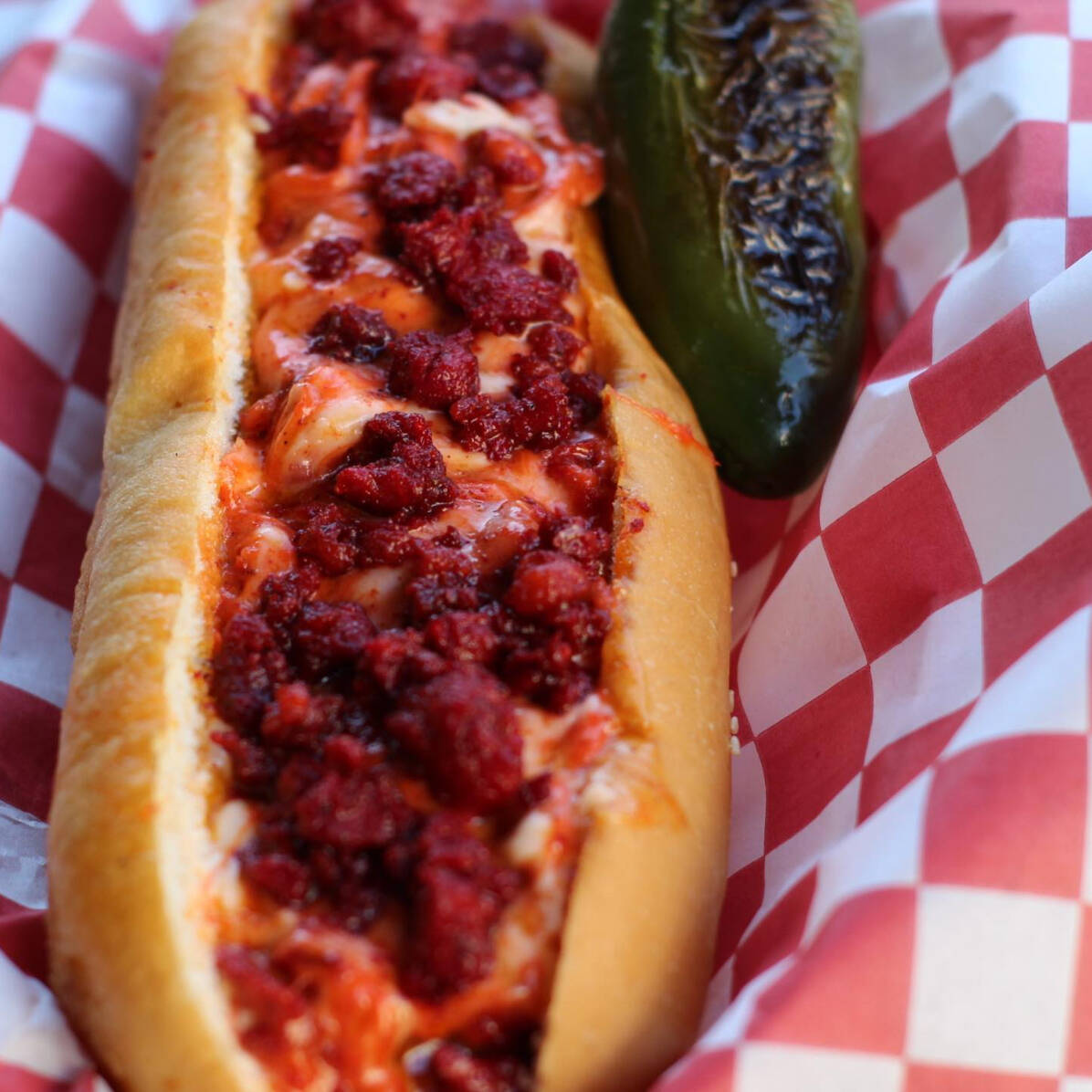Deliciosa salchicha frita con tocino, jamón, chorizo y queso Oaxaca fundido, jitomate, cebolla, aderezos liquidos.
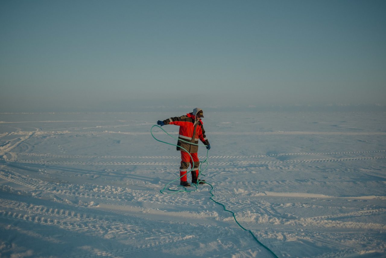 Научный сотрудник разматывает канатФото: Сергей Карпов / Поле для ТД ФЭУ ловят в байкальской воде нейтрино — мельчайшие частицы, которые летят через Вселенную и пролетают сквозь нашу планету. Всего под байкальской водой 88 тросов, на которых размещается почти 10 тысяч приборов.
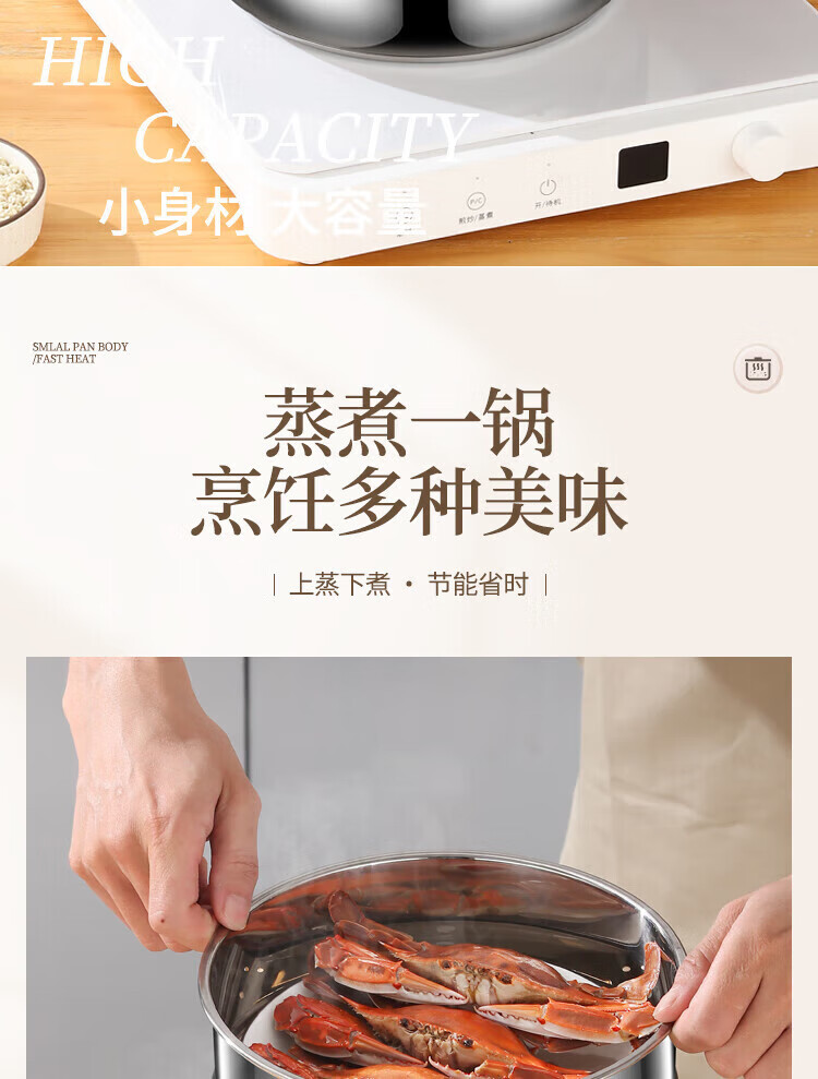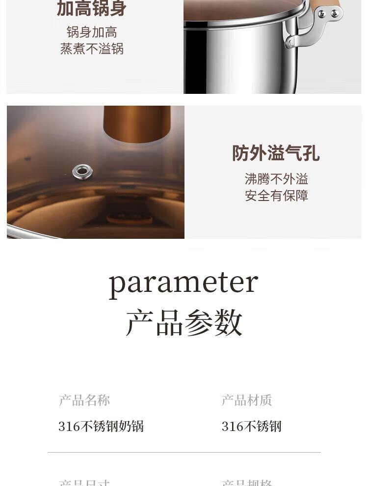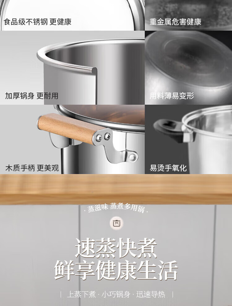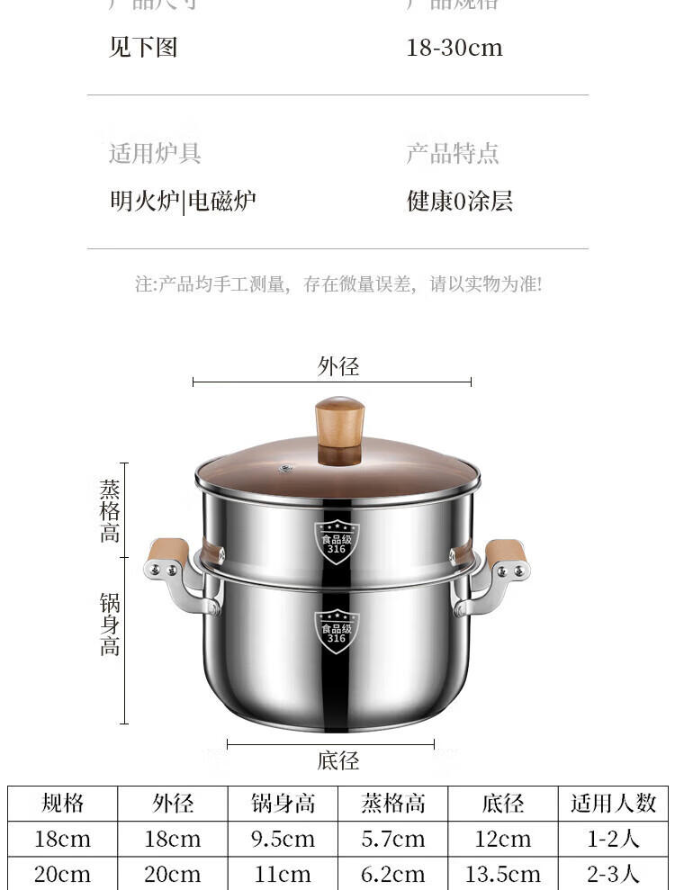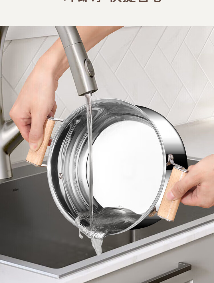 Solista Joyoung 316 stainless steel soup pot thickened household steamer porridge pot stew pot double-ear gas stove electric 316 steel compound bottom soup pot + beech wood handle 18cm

▶ [WHAT NEEDS TO BE DONE]:
What is needed is an exact copy of the lines from the line with "Научный сотрудник разматывает" to the end of the data above, both included, without any pictures.

▶ [ANSWER FOR THE TASK]:
 Научный сотрудник разматывает канатФото: Сергей Карпов / Поле для ТД ФЭУ ловят в байкальской воде нейтрино — мельчайшие частицы, которые летят через Вселенную и пролетают сквозь нашу планету. Всего под байкальской водой 88 тросов, на которых размещается почти 10 тысяч приборов.
 Solista Joyoung 316 stainless steel soup pot thickened household steamer porridge pot stew pot double-ear gas stove electric 316 steel compound bottom soup pot + beech wood handle 18cm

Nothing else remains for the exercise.